***** Supplied records *****
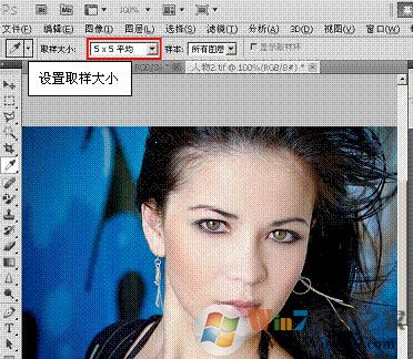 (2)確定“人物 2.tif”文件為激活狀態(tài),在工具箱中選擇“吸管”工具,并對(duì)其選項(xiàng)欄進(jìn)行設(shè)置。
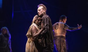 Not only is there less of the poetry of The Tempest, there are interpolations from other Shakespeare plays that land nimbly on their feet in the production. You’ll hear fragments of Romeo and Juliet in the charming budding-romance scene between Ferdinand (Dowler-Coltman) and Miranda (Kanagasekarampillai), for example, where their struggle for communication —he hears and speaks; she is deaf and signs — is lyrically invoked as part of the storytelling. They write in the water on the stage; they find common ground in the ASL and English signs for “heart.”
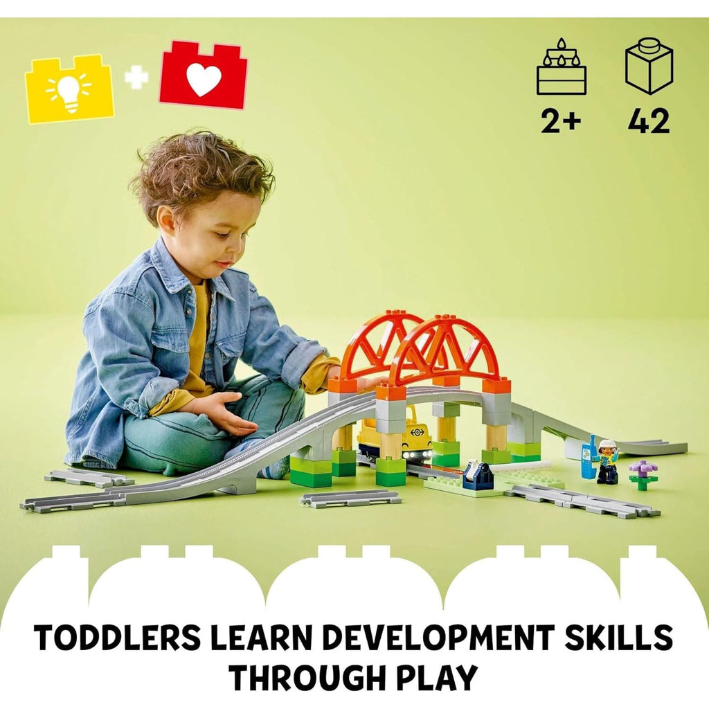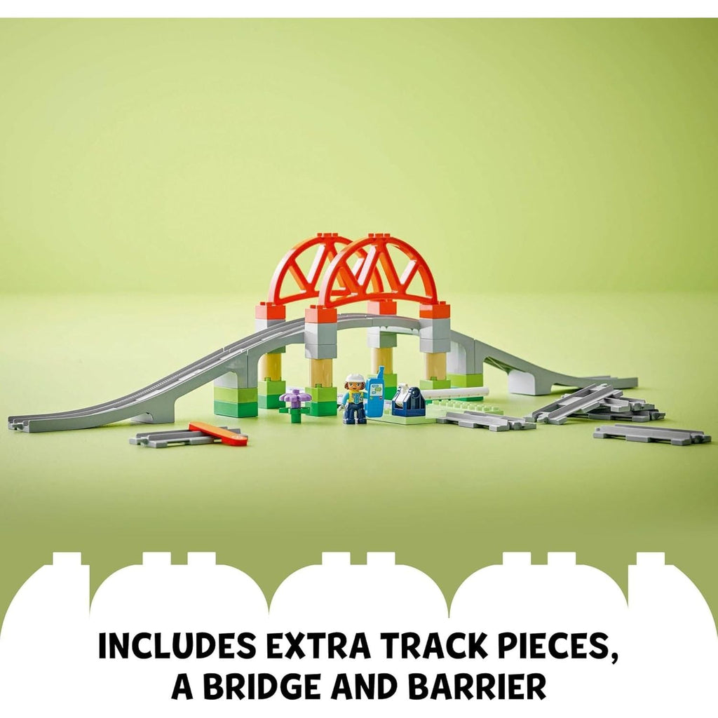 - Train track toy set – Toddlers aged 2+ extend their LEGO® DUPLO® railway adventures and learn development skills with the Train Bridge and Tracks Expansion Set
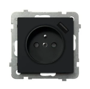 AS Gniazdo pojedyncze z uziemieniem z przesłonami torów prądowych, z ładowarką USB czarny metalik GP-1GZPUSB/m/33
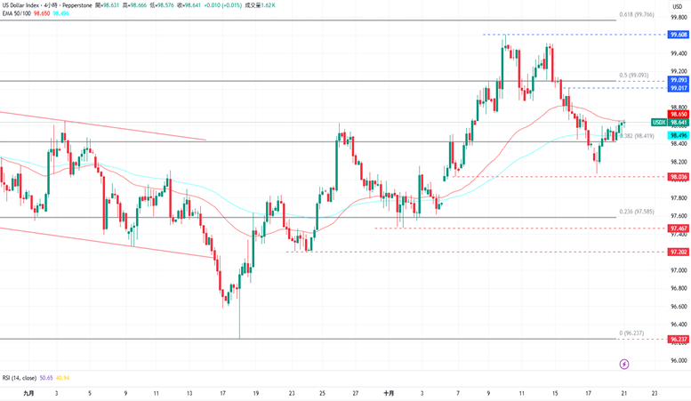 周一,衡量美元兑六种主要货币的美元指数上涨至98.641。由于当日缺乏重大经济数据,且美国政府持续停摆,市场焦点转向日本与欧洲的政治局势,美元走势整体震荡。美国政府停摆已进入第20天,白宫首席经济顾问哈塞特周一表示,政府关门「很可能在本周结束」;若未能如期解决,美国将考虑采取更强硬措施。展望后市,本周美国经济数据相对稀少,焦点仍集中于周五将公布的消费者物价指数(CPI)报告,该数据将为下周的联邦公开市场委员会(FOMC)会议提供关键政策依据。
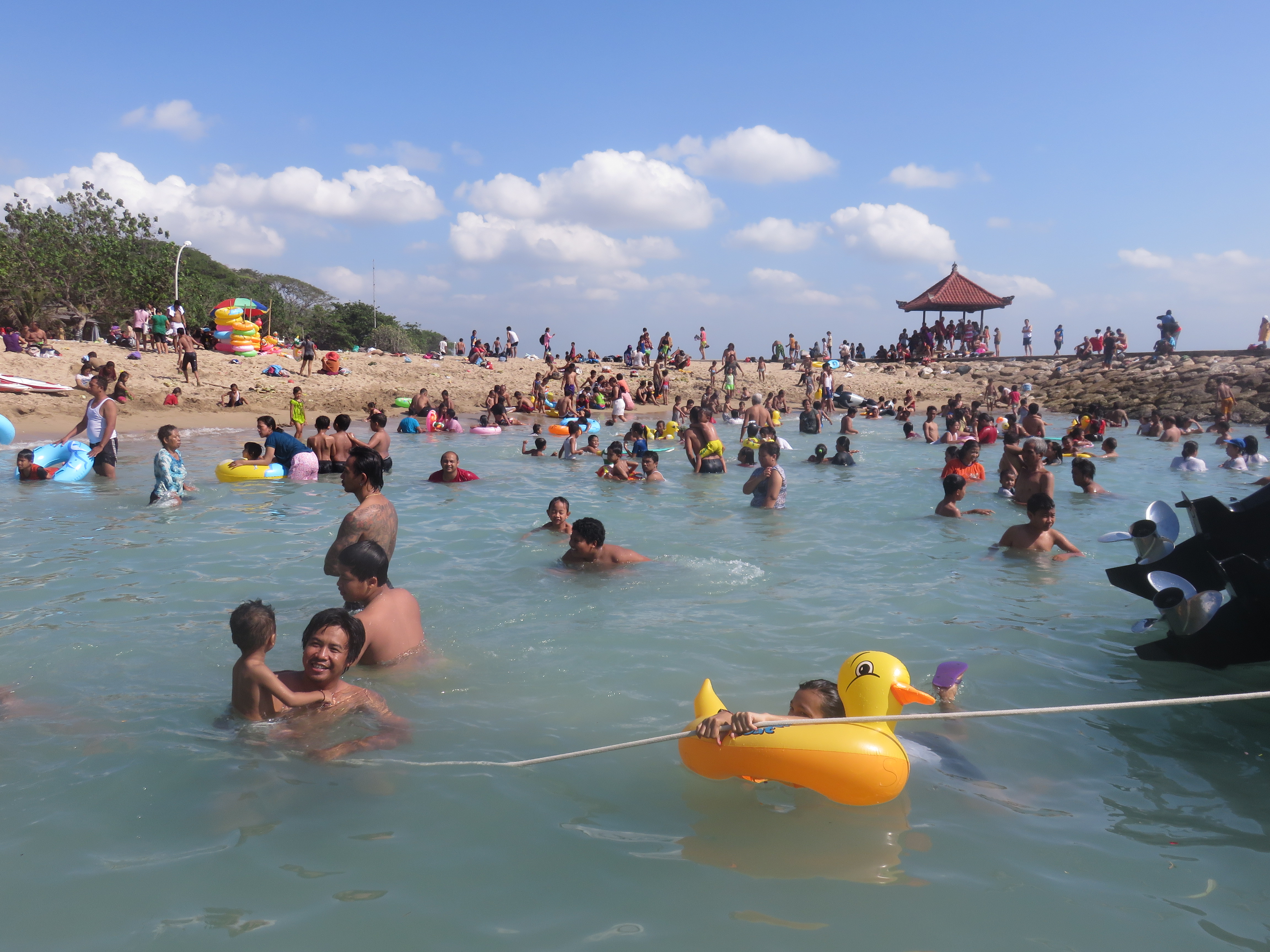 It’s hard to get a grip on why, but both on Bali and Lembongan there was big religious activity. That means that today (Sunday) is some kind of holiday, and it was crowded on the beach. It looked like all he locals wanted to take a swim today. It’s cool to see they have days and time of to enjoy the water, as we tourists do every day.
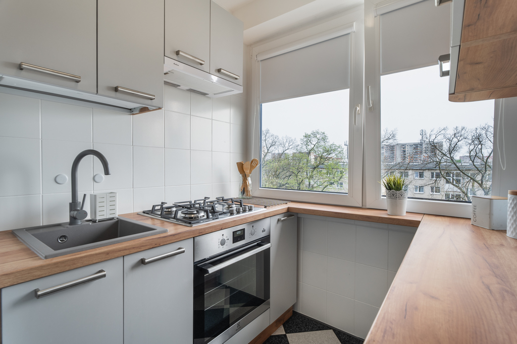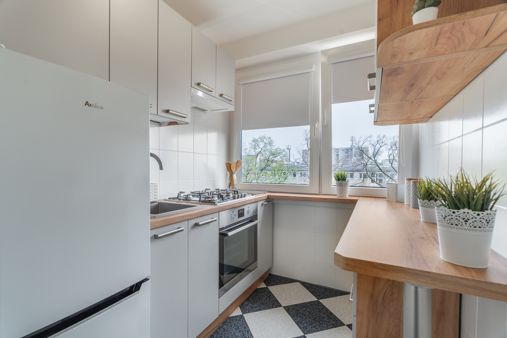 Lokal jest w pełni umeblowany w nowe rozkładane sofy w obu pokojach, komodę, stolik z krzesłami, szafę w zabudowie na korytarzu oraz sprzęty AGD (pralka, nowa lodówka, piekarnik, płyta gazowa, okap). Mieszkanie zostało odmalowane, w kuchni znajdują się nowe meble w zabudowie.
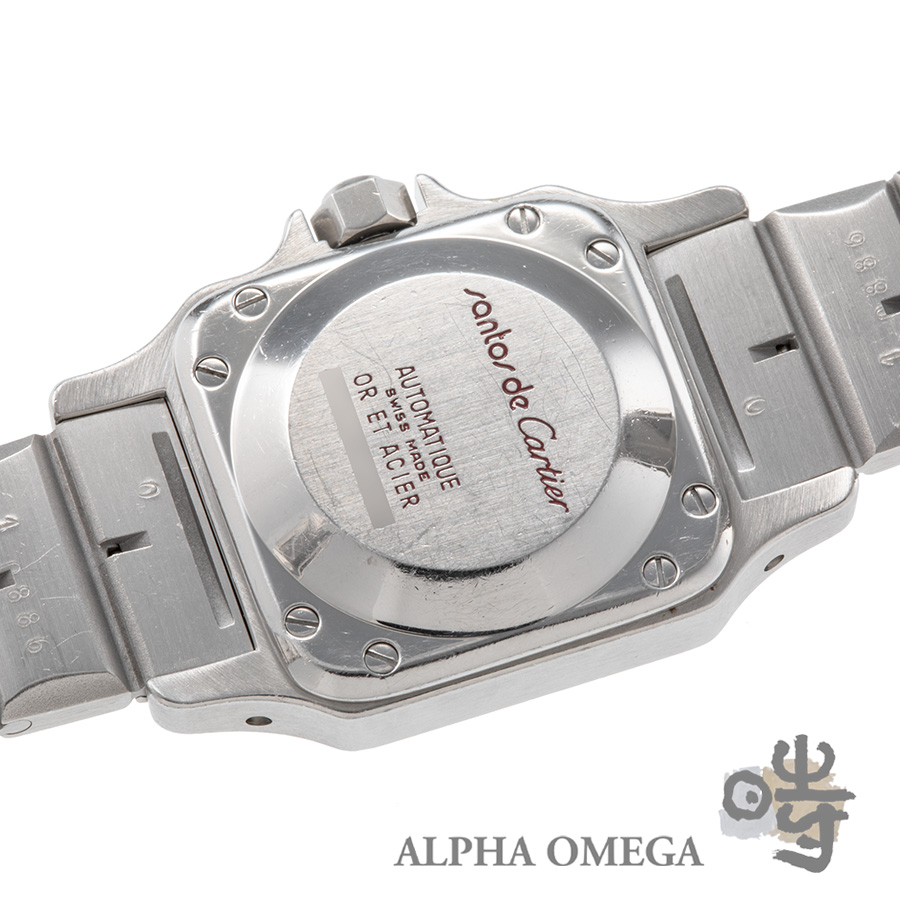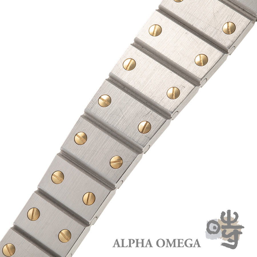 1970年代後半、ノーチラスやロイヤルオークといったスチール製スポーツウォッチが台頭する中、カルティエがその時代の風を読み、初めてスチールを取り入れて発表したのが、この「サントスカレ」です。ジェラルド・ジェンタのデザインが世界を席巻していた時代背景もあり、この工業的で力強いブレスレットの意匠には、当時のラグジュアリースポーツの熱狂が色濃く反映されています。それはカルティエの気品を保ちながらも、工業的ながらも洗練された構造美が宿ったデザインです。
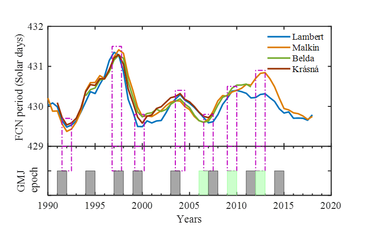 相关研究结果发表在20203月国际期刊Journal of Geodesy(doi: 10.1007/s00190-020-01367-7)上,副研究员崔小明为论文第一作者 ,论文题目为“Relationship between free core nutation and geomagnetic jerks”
*****
Work task:
Lines from the one containing "1970年代後半、ノーチラス" through the final line of the entries above are to be retyped exactly, with every picture left out.

Worked solution:
 1970年代後半、ノーチラスやロイヤルオークといったスチール製スポーツウォッチが台頭する中、カルティエがその時代の風を読み、初めてスチールを取り入れて発表したのが、この「サントスカレ」です。ジェラルド・ジェンタのデザインが世界を席巻していた時代背景もあり、この工業的で力強いブレスレットの意匠には、当時のラグジュアリースポーツの熱狂が色濃く反映されています。それはカルティエの気品を保ちながらも、工業的ながらも洗練された構造美が宿ったデザインです。
 相关研究结果发表在20203月国际期刊Journal of Geodesy(doi: 10.1007/s00190-020-01367-7)上,副研究员崔小明为论文第一作者 ,论文题目为“Relationship between free core nutation and geomagnetic jerks”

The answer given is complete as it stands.